My Life as a Night Elf Priest, on the other hand, maintains a beautiful balance between empirical depth and analytic care. Nardi's clear care for
her informants, both virtual and human, and the world they play within is
clear throughout the text. Her analytic framework, "activity theory" coupled
with John Dewey's notion of aesthetic experience, mobilizes the exploration
of her empirical material. Nardi's analysis references the extensive
work of others in the fields of game studies, science and technology studies,
and communication. It clearly positions itself in relation with this work
in ways that push her analysis and the study of WoW forward in meaningful
ways.
My primary critique of Nardi's text is more theoretical. How did the analysis of WoW push activity theory outside of its comfort zone? At what
point did WoW, Azeroth, or the players move activity theory in new directions?
Did gameplay itself reflect upon activity theory? A truly experimental
theory should evolve through contact with new situations, and an experimental
system is only as useful as its ability to allow for these kinds of
noisy answers.
While WoW unites these three texts, much more divides them. In Games of Empire we view the vast empires of the global game industry through divergent lenses. In The Warcraft Civilization we have a highly descriptive account of the world of Azeroth. In My Life as a Night Elf Priest we
come to better understand how players experience the world and community
of Azeroth and the activities that play out in this space. While each
gives us perspective on the broad "thing" that is the global game industry,
each struggles in its own way with this broad empirical territory. In many
respects the division of production and play/consumption/use is reified in
the analytical choices of the authors, for even in Games of Empire we
encounter production and play disconnected from each other.

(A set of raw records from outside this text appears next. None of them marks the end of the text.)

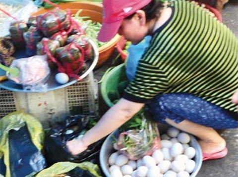 Tại một điểm bán trứng gà ở chợ Cầu, giáp ranh giữa Q.Gò Vấp và Q.12, hơn chục quả trứng gà ta và trứng ngỗng (theo lời người bán) được bày trong những khay nhựa, trứng gà có giá 32.000đ/chục (10 trứng). Người bán giới thiệu, trứng được thu mua tại các hộ nuôi ở Củ Chi (TP.HCM) và Long An, Bình Dương… Sau khi trả giá, chúng tôi được người bán chấp nhận mức giá 28.000đ/chục. Khi PV ngỏ ý muốn mua nhiều, người phụ nữ bán hàng gật đầu “bao nhiêu cũng có, vì đây là trứng mua ở các hộ nuôi nhỏ nên không có giấy kiểm dịch”. Tuy nhiên, theo bà Nguyễn Thị Lâm, một hộ nuôi gà ta quy mô nhỏ tại xã Minh Long, huyện Chơn Thành (Bình Phước) hiện giá trứng gà ta được các thương lái thu mua với giá 33.000 - 35.000đ/chục. Vì vậy, khó có thể tin là những quả trứng “gà ta” ở vệ đường có được mức giá thấp như vậy.
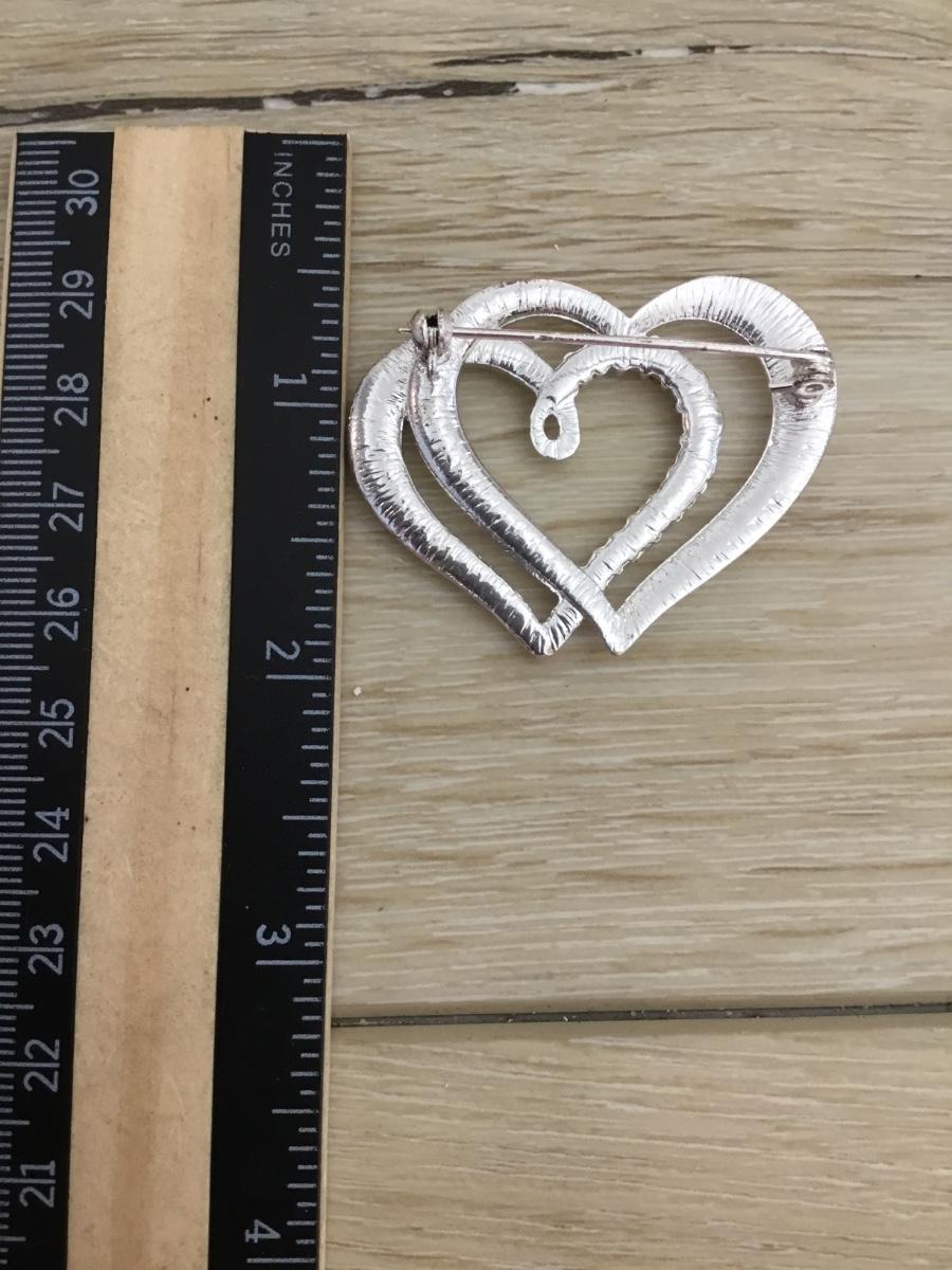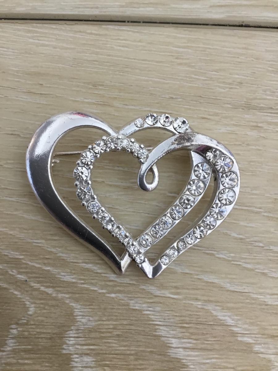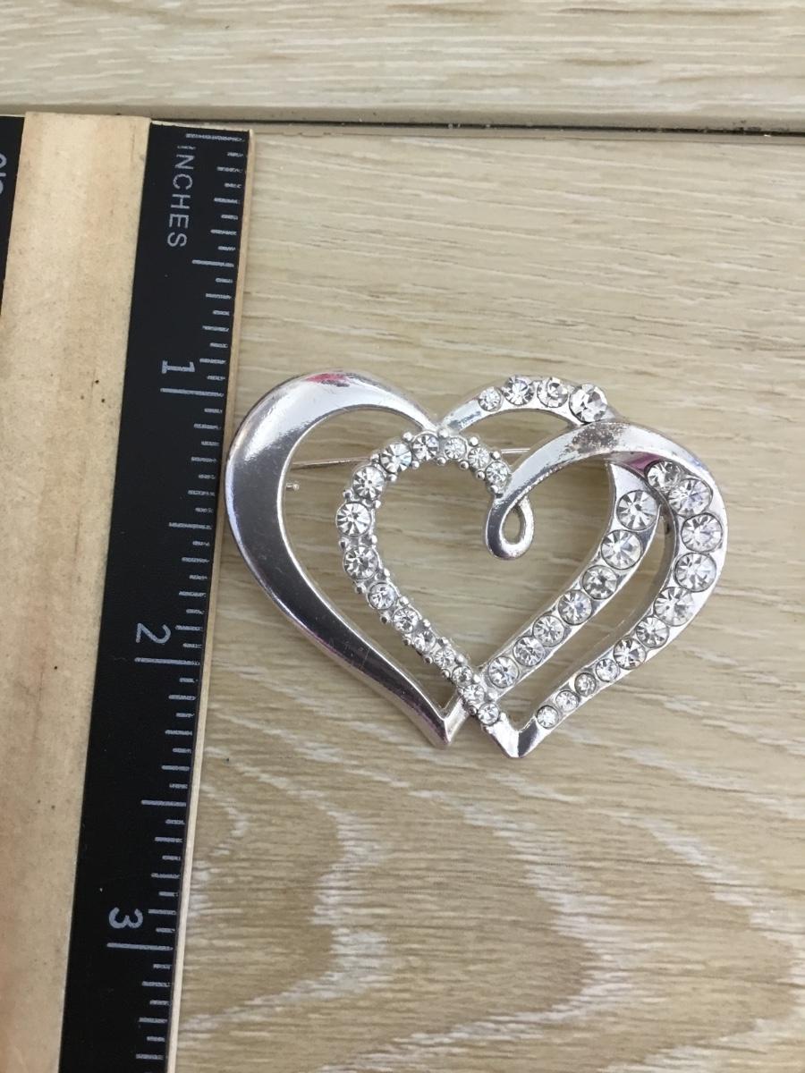 Vintage silver tone heart & clear rhinestone, brooch,
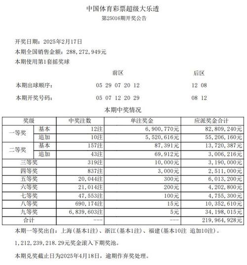 北京时间2月17日晚,体彩大乐透第25016期开奖,当期开奖号码为:前区05 07 12 20 29,后区08 12。本期全国共开出12注一等奖,单注奖金690万余元,其中10注选择追加,多得奖金552万余元,单注追加头奖达到1242万余元。经新浪彩票确认,本期福建中出的10注追加头奖中有9注出自福建省泉州市第3505015535号体彩销售网点,揽得1.11亿元巨奖!【中奖喜报-新浪小炮专家预测中大乐透790万!】   相关阅读-国内82个亿元奖回顾:福建泉州大乐透1.11亿排名65、国内30个大乐透亿元奖排行:福建泉州1.11亿第27、福建又爆大乐透1.11亿巨奖 两次奖号神相似?...
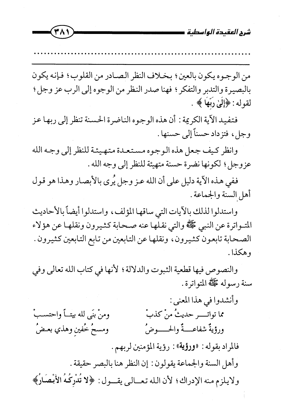 ففي هذه الآية دليل على أن الله عز وجل يُرى بالأبصار وهذا هو قول أهل السنة والجماعة.

This is the
very partitioning that scholars in the fields of science and technology studies
and the history of technology have contested for so long.
As analysts continue to gain access to the halls of video-game-development studios, hardware manufacturers, and game publishing companies,
undoubtedly they will map the links among these worlds. While it is reasonable
for analysts to study the worlds as bounded field-sites "on their
own," a player undoubtedly encounters the externality of the game world
and its intersections with the global game industry. Nardi's text in particular
seems to capture the essence and sociality of WoW, while Dyer-Witheford
and de Peuter attempt to unravel the threads of empire throughout the
game industry. Although they largely reify the divide between the studies of
production and game worlds, each demonstrates empirical and conceptual
rigor that should interest readers in the global game industry.
Dr. O'Donnell is an assistant professor in the Grady College of Journalism and Mass
Communication at the University of Georgia.